Counsel representing two Robinson Huron First Nations told a Toronto court July 30 that the legal fees charged by the lawyers who handled the treaty annuities case, for which a $10 billion settlement has now been negotiated, are charging too much for the work they did on the case.
They said it’s $466 million too much, and would like the courts to reassess the amount.
The legal fees are to be paid to Nahwegahbow Corbiere, the team that has provided legal counsel to the Robinson Huron Treaty Litigation Fund (RHTLF) through the annuities court process that began in 2014.
The fees are currently $510 million, though the legal team states they will contribute half, $255 million, back to causes that advance the Anishinaabe nations, including language and land rights.
H. Michael Rosenberg, the lawyer for the two applicant First Nations, Atikameksheng Anishnawbek and Garden River First Nation, argued that not only were the nations deprived of independent legal counsel when deciding if the legal fees were fair, but he said the $10 billion annuities settlement is considered as a “mega fund class action,” which has clear rules under the law.

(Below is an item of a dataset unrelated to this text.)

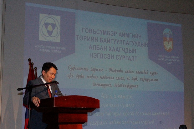 Монгол Улсын Төрийн албаны зөвлөл Говьсүмбэр аймгийн Засаг даргын Тамгын газартай хамтран тус аймагт Төрийн албан хаагчдын нэгдсэн сургалт зохион байгууллаа. Эл арга хэмжээнд Монгол Улсын Төрийн албаны зөвлөлийн гишүүн Б.Баатарзориг болон Төрийн албаны зөвлөлийн Ажлын албаны дарга, ажилтнууд оролцсон юм.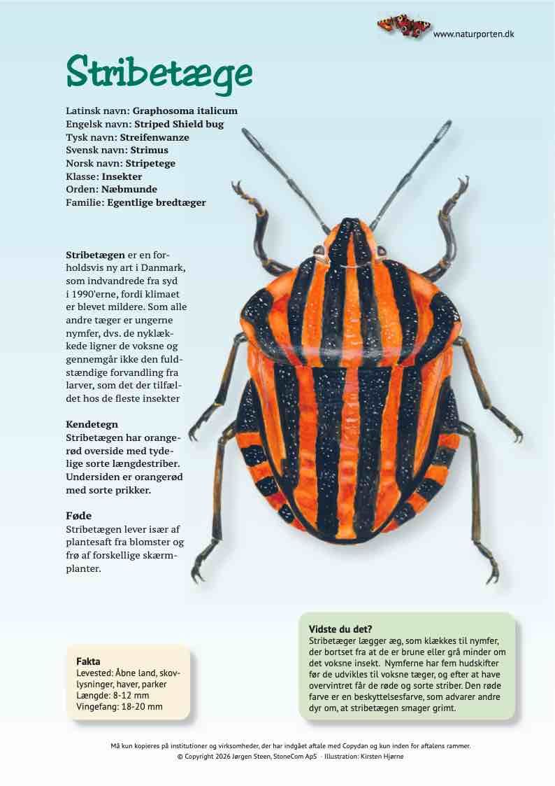 Stribetægen er en forholdsvis ny art i Danmark, som indvandrede fra syd i 1990'erne, fordi klimaet er blevet mildere. Som alle andre tæger er ungerne nymfer, dvs. de nyklækkede ligner de voksne og gennemgår ikke den fuldstændige forvandling fra larver, som det der tilfældet hos de fleste insekter

In his submissions, Rosenberg said that there is a formula for determining a fair and reasonable fee for a settlement “so large that it dwarfs the value of the lawyer's fees on an hourly rate basis,” he said.
Rosenberg told the court that fees on these mega fund settlements should be evaluated by the court according to established law.
“You don’t get more than four times the value of the lawyer’s time at risk,” he said. “it's a body of jurisprudence. It's intended to prevent lawyers from turning lawsuits into lottery tickets.”
Though the listing of the fees charged by Nahwegahbow Corbiere is sealed, by Rosenberg’s calculations, “the most that the court could have approved on an assessment of fees was $44 million.”
He added that counsel for the respondents did not take issue with his calculations.
“Your Honor, it's not as though they take issue with the body of jurisprudence that I've referenced or the calculation that I performed,” he said. “They have technical arguments on standing as to why the court cannot allow the applicants to compel an assessment.”
Those technical arguments were made by respondent counsel for the RHTLF, Peter Wardle and Evan Rankin, as well as counsel for the lawyers of Nahwegahbow Corbiere, Brian Gover and Dan Goudge.
They all say that not only is the price fair, but agreed to freely by the majority of the First Nations under the treaty: 19 of the 21 signatories.
The technical arguments centre on the fact that First Nations are still governed under the Indian Act in some court processes.
Rosenberg explained that individuals have court seals, “or they did back in the days when you carried around your wax in your signature thing,” and common law and corporations have seals because they're given them by statute. “But First Nations, when they bring litigation in their own right, when they form contracts in their own right, they take decisions under section two, subsection three, of the Indian Act,” said Rosenberg. “There's no seal that's authorized by the Indian Act.”
That lack of seal is central to the respondents' arguments.
As respondent lawyer Rankin told Superior Court Justice Jana Steele, “the Supreme Court has said that some indication of a seal is required. There isn't any. That's the end of the story.”
Wardle also submitted that the individual annuitants are not required to pay the legal fees, the RHTLF is, and therefore the individuals have no ability to apply for the assessment of the legal fees. He said it was the RHTLF that retained Nahwegahbow Corbiere and the lawyers acted for the trust, not individual First Nations.
As to Rosenberg and the applicants claim that the RHTLF, specifically the Litigation Management Committee (LMC) “breached their fiduciary duty to Robinson Huron treaty First Nations by failing to provide independent legal advice,” the respondents quote RHTLF trustee, former Wiikwemkoong Unceded Territory Gimaa Duke Peltier, during his pre-trial deposition.
“The trustees decision to approve the lawyer's fee proposal was a reasonable and appropriate exercise of their collective discretion,” he said. “Particularly given the extraordinary results achieved by the lawyers.”
Peltier said in his deposition there was an “extensive discussion at the meeting” about whether the trustees, the signatory nations, should obtain independent legal advice before determining whether to accept the lawyer's proposal. He said the trustees were repeatedly advised that any trustee who required independent legal advice could abstain from voting and provide their vote following the meeting, “as has been the trust's practice since its inception.”
Essentially, the respondents argument on this front was that it was offensive to assume that the other trustees were not fully aware of the costs to which they were agreeing.
He referred to the sealed contingency fees, and two reports, which he said totalled more than 100 pages, that were given to the trustees when they made their decision.
“What you have in front of you is you have the lawyers' two reports, totaling over 100 pages. And that material was in front of the trustees when they made their decision,” said Wardle. “They exercised their discretion, that they were satisfied with it (the reports) and they exercised their discretion and they approved it.”
Steele told the court that she needed time to deliberate before she could issue a decision, but while she did not give a timeline, she said she hoped reserving her decision would not hold up the distribution of the settlement outside of the $510 million.